Shoot and Fruit Blight

Shoot blight often follows blossom blight as the disease invades internally from infected flower clusters to infected spurs, fruitlets, and shoots as the current year’s growth. The infection can also spread externally from fire blight cankers or infected flowers to nearby and distant uninfected flowers, shoot tips, and fruitlets, infecting them through natural or mechanical injury openings caused by hail, deer browsing, wind abrasion, piercing-sucking insects, or burrowing insects. Fire blight can also directly spread from fire blight cankers to infect shoots and/or fruitlets, bypassing the flower infection stage (Fig. 2 and 3). Once infection begins, bacteria have been shown to move through the shoot at an average rate of 4.2 cm per day (1.7 inches) in susceptible cultivars such as ‘Gala’. Development may be slower in more resistant cultivars, such as ‘Honeycrisp’. The development of shoot blight at this stage is not slowed by the bud scar, but populations grow more slowly once bacteria reach second-year wood (Dougherty et al. 2025). Shoot blight is initially characterized by the blackening of leaf veins before their complete browning. Infected shoots usually remain attached to the branch. Shoot tips bend downward, i.e., wilt as infection progresses, creating a characteristic ‘shepherd's crook’ shape (Fig. 2).

Fire Blight Cankers

After pathogen invasion of spurs and wood from infected flowers and/or shoots, fruit-bearing branches may develop cankers, which are dark black, flat, or sunken lesions on the branch surface (Fig. 4). Fire blight cankers can expand to girdle the branch stem and cause branch death, leaving it as if it were “scorched by fire”. Trunk or rootstock infections visible as cankers occur as residual cells of fire blight bacteria spread internally from infected branches in the tree crown and reach the trunk, often indicating systemic infection. Trunk or rootstock infection can also be initiated from infected scion strikes or rootstock suckers, leading to the formation of cankers. Large branches, central leader or main trunk, develop cankers that are larger in size, dark, flat or sunken, with cracked or diffused edges, and rarely have water-soaked appearances. Cankers are important infection sites on wood that often exude large quantities of orange-to-brown ooze in humid conditions. The pathogen survives over the winter in cankers, which serve as reservoirs and thus are the primary source of inoculum in spring and during summer. Fire blight canker is the most terminal form of fire blight symptoms. On younger trees (1 – 10 years old), fire blight cankers can girdle the rootstock, trunk, or central leader and cause tree top or whole tree death, leading to severe losses in the number of trees.

Disease Cycle

In Virginia and other temperate apple- and pear- growing regions, the fire blight bacterium, Erwinia amylovora, most commonly overwinters in cankers on branches, limbs, and trunks of infected trees. During late winter and early spring, when temperatures rise above approximately 50°F (10°C), the bacterium resumes metabolic activity within cankers. At optimum temperatures of 65°–85°F (18°–29°C) and during periods of moisture, bacteria multiply rapidly and ooze from canker margins as sticky, amber-colored bacterial exudates that serve as the primary inoculum for new infections.

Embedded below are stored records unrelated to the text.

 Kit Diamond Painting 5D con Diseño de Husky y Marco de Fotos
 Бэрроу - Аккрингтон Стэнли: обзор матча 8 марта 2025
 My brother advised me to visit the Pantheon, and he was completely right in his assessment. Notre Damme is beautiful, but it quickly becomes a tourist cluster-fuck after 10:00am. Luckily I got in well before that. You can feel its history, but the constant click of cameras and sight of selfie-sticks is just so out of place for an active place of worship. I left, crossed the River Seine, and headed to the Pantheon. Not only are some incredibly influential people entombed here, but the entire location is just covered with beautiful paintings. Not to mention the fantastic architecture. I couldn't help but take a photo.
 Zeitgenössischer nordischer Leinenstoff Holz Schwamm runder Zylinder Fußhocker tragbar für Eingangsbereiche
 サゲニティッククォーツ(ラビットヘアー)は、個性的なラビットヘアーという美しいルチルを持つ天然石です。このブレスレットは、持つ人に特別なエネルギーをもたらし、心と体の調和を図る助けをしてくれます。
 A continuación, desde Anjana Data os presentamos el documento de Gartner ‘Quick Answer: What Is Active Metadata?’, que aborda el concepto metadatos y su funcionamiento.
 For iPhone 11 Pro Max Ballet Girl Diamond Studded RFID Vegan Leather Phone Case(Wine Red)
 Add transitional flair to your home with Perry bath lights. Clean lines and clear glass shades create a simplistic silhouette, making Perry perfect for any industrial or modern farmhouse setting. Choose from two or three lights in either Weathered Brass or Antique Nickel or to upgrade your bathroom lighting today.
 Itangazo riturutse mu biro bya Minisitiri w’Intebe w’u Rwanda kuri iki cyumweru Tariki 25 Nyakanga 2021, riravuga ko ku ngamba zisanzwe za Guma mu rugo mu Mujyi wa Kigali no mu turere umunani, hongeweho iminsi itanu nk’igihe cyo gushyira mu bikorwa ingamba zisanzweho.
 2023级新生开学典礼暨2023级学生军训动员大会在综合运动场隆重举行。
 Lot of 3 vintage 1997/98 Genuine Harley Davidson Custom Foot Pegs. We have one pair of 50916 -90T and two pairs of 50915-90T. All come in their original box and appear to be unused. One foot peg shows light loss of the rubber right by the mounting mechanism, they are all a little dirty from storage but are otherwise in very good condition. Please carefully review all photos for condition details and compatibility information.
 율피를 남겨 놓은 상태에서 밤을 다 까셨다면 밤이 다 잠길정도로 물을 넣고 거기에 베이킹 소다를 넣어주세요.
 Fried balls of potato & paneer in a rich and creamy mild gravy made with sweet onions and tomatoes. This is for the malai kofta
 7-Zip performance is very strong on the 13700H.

Primary infections typically begin during bloom, which is the most critical and susceptible phase of the fire blight disease cycle. Bacteria are disseminated from cankers to open blossoms by rain splash, wind-driven rain, insects, and contaminated tools. Once deposited on flowers, E. amylovora multiplies epiphytically on floral stigmas and can be carried by pollinators to other flowers. Bacterial populations increase rapidly at temperatures above 60°F (16°C), with optimal growth occurring between 70° and 85°F (21°–29°C). Infection occurs when moisture from rain, dew, or high humidity washes bacteria into the floral nectarthodes.

Flower infections can occur over a broad temperature range (55°–90°F), but the highest risk occurs when warm temperatures coincide with wetting events. Blossom blight is a concern even when disease incidence is low and insufficient to cause major yield loss. Infected blossoms often serve as entry points for the bacterium into adjacent spur and shoot tissues, leading to shoot blight, which can increase ooze production and spread to other shoots. Once inside young, actively growing shoots, the bacterium moves systemically through the vascular tissue. Rapid shoot growth and succulent tissues, favored by warm temperatures (75°–85°F) and high nitrogen availability, greatly increase susceptibility to shoot blight.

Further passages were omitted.